A common practice is to start with a small number of filters in the first layer and gradually increase the number of filters in subsequent layers. For example, in a basic CNN architecture, the number of filters might be set as follows:

**`First Convolutional Layer`**: Fewer filters, e.g., 32 or 64.


**`Intermediate Convolutional Layers`**: Increasing number of filters, e.g., 128, 256, etc.


**`Final Convolutional Layer`**: The number of filters can be set to the number of classes in the classification task (for classification problems).


The choice of the number of filters can also depend on the available computational resources and the size of the dataset. Larger numbers of filters increase the model's capacity to learn intricate patterns but also increase the computational cost and the risk of overfitting if the dataset is small.


### Q) How to specify correct input shape of images while creating dataset?


The choice of the image size (image_size) when creating a dataset of images depends on various factors, including the characteristics of the dataset, the available computational resources, and the requirements of the specific deep learning model or task you are working on.


As a starting point, image sizes such as (256, 256) or (224, 224) are commonly used in various computer vision tasks. These sizes are often chosen because they strike a balance between maintaining relevant details in the images and computational efficiency.


### Q) What will happen if we incease the number of convolutional layers?


Adding more convolutional layers can make the model more complex and difficult to train, but it can also improve the model's performance by extracting more features and reducing overfitting.


**`Increased complexity`**: Adding more convolutional layers will increase the complexity of the CNN model. This can make the model more difficult to train, but it can also improve the model's performance.

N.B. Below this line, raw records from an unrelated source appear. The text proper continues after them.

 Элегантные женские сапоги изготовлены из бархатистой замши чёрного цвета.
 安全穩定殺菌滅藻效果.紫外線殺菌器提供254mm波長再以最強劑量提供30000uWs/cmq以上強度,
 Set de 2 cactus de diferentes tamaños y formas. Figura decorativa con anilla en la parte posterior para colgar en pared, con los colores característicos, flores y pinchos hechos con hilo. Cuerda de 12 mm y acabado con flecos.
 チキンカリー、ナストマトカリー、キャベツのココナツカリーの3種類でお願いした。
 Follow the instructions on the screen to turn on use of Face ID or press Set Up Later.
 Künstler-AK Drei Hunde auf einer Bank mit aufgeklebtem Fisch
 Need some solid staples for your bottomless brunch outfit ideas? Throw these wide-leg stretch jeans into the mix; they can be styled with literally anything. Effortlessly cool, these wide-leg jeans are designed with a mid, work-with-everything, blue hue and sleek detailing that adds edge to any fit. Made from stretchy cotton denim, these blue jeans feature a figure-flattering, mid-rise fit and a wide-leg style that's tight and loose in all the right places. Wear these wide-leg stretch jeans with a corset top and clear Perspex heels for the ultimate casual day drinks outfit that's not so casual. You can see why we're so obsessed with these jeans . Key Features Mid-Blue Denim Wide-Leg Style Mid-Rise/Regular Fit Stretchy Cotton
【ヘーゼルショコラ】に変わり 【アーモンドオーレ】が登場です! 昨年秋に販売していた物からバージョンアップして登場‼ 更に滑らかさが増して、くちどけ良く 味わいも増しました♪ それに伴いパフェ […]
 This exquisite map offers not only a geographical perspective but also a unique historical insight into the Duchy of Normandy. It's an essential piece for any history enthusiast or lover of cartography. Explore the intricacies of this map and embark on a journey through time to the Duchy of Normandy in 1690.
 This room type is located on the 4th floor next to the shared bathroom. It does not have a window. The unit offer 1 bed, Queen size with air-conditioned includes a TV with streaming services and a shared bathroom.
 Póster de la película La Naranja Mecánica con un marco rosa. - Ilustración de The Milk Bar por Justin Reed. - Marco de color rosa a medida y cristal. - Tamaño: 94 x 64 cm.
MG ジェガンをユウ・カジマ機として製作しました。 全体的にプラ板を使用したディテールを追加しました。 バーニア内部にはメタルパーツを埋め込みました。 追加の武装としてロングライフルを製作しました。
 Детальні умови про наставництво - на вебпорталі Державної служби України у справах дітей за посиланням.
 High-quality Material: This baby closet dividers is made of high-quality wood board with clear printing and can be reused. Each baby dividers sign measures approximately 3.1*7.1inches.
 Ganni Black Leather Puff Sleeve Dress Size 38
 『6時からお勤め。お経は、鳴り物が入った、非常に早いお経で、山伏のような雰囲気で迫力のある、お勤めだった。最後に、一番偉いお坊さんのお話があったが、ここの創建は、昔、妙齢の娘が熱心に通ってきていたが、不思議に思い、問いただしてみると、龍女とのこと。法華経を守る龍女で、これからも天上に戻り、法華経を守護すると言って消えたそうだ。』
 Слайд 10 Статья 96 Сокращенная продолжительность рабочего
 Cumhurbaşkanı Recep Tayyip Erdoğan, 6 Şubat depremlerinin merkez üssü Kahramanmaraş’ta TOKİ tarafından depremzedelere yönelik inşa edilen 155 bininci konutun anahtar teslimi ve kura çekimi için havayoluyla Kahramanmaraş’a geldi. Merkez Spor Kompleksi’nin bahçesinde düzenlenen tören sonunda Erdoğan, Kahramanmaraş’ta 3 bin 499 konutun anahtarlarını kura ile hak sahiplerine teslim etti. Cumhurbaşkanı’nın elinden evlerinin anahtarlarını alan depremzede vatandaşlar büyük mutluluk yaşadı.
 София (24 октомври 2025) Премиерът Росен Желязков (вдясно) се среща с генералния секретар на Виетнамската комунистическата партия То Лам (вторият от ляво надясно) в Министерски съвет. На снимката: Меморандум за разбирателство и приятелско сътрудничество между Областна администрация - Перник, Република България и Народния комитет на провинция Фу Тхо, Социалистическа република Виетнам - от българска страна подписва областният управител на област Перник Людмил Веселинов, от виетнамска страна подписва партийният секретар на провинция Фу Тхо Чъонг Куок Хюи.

**`Improved feature extraction`**: More convolutional layers can extract more features from the input data. This can improve the model's ability to recognize patterns in the data and make more accurate predictions.


**`Reduced overfitting`**: Adding more convolutional layers can help to reduce overfitting. This is because the model will be able to learn more features from the data, which will make it less likely to memorize the training data and generalize better to new data.

### `'mini-batch'` parameter

The size of the mini-batch is a hyperparameter that can be tuned to improve the performance of the model. A smaller mini-batch size can help to prevent overfitting, but it can also make the training process slower. A larger mini-batch size can speed up the training process, but it can also increase the risk of overfitting.

The optimal mini-batch size depends on the specific problem and the dataset. However, a good starting point is a mini-batch size of 32 to 128.